LabCourse: Solar System Simulation - Data Generation

This repository contains a Python3 script to generate simulation data for the lab course Solar System Simulation according to https://github.com/SCTeaching-NBody/LabCourse_Slides usable with https://github.com/SCTeaching-NBody/LabCourse_Implementation.

Dependencies

Required Python3 packages:

• tabulate
• astroquery
• requests
• argparse

They can be installed using:

pip3 install -r requirements.txt

Usage

The script can be used to generate 4 different scenarios:

• planets_and_moons: all planets, dwarf planets, and named moons for which we could found mass specifications (177 bodies as of 2024-01-24).
• scenario1: all planets, dwarf planets, and named moons as well as all asteroids with a defined diameter and albedo, where the Main-belt Asteroids are additional constrained to have a diameter of at least 10km (19048 bodies as of 2024-01-24).
• scenario2: all planets, dwarf planets, and named moons as well as all as many asteroids such that the number of bodies is LIMIT - 1 (minus one to account for the Sun that isn't added by this script).
• full: all planets, dwarf planets, named moons, and asteroids queryable through NASA's databases (1345036 bodies as of 2024-01-24).

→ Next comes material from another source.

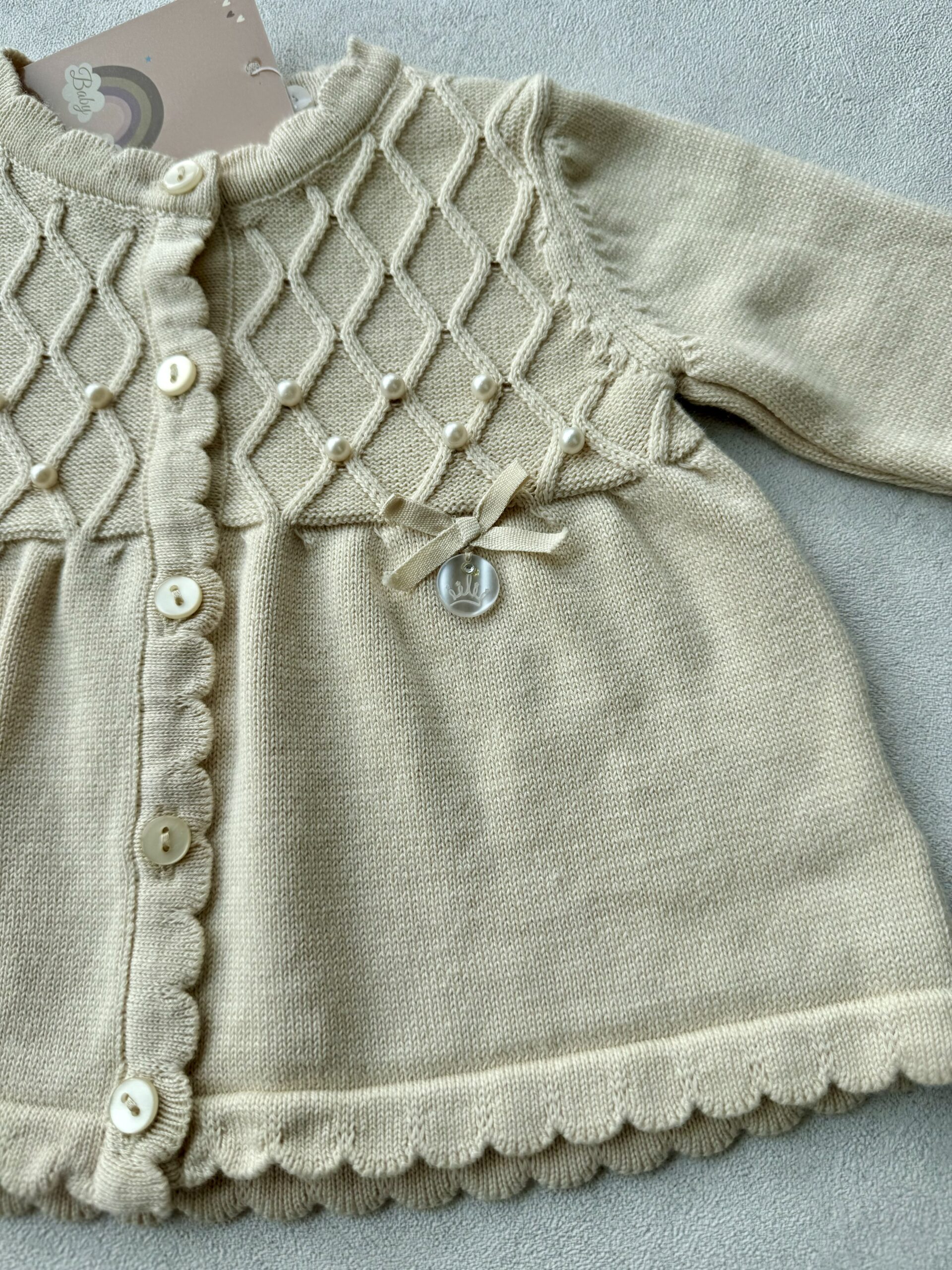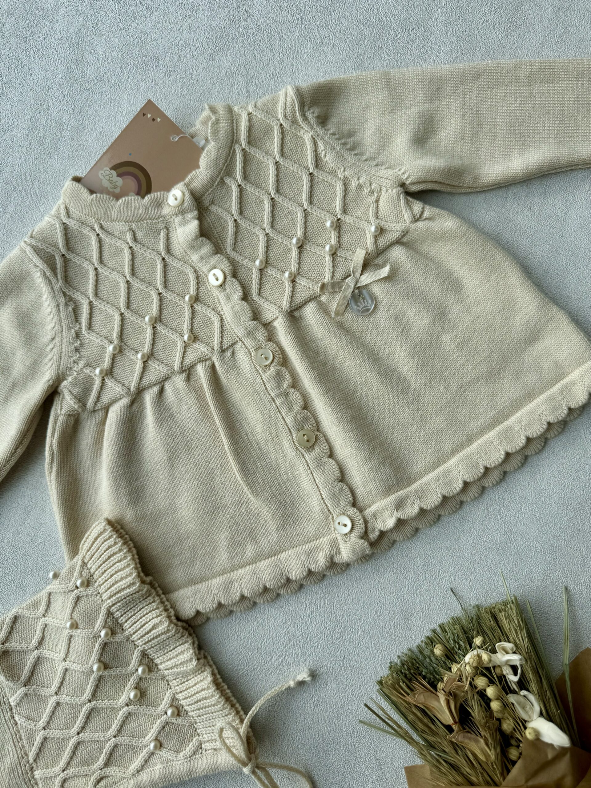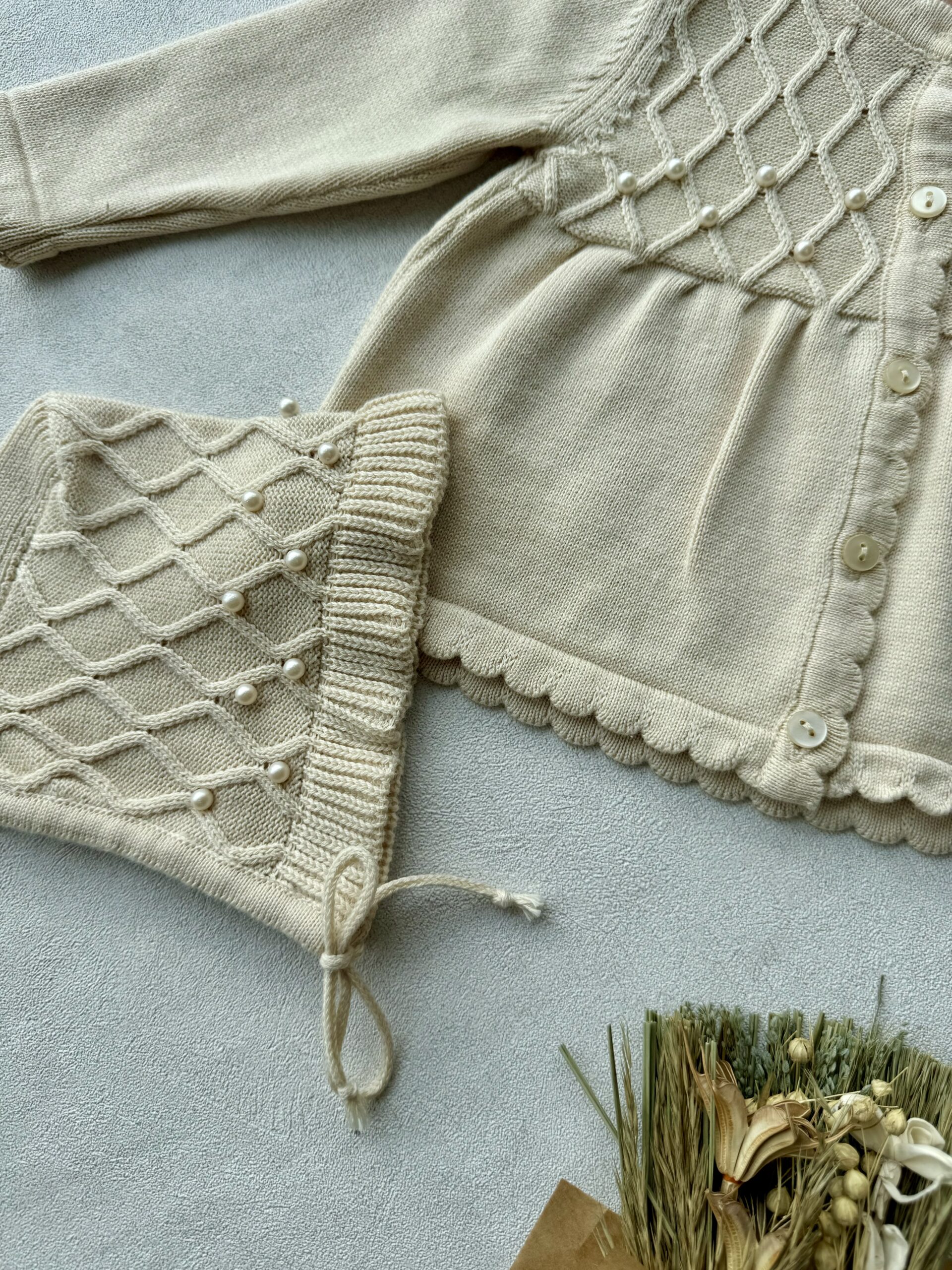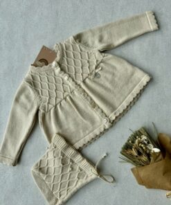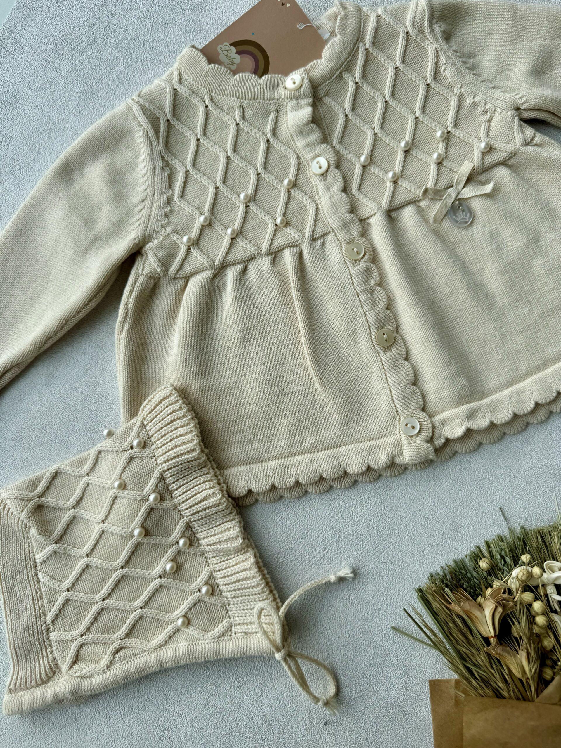 De set heeft een gebreid motief, parel afwerkingen, een strikje en een bijpassend mutsje.

python3 query_data.py --help
usage: query_data [-h] -o OUTPUT [-s {planets_and_moons,scenario1,scenario2,full}] [-l LIMIT]

Query asteroid data from NASA's Small Body Database.

options:
  -h, --help            show this help message and exit
  -o OUTPUT, --output OUTPUT
                        the output filename containing the Keplerian Orbital Elements in CSV format
  -s {planets_and_moons,scenario1,scenario2,full}, --scenario {planets_and_moons,scenario1,scenario2,full}
                        the scenario used to create the output file
  -l LIMIT, --limit LIMIT
                        the upper limit of number of bodies for scenario2

The resulting csv file contains 14 columns:

e,a,i,om,w,ma,epoch,H,albedo,diameter,class,name,mass,central_body

• the six Keplerian orbital elements (required): the eccentricity e, the semi-major axis a (in AU), the inclination i (in rad), the longitude of the ascending node om (in rad), the argument of periapsis w (in rad), and the mean anomaly ma (in rad)
• the epoch (in JD) for which the Keplerian orbital elements are valid (required)
• physical quantities that can be used to approximate the body's mass (required, but may be 0.0!): the absolute magnitude H, the geometric albedo, and the diameter (in km)
• the mass (in kg) of the body (optional; if not given, approximated)
• the orbital class of the body (required; note that four custom (unofficial) classes where added for a better visualization)
• the IAU name of the body (required; may be empty)
• the central_body that the body orbits (optional; if not given, assumed to be the Sun/Sol)

Note: this script never adds the Sun/Sol to the data set since it isn't possible to represent its position using Keplerian orbital elements.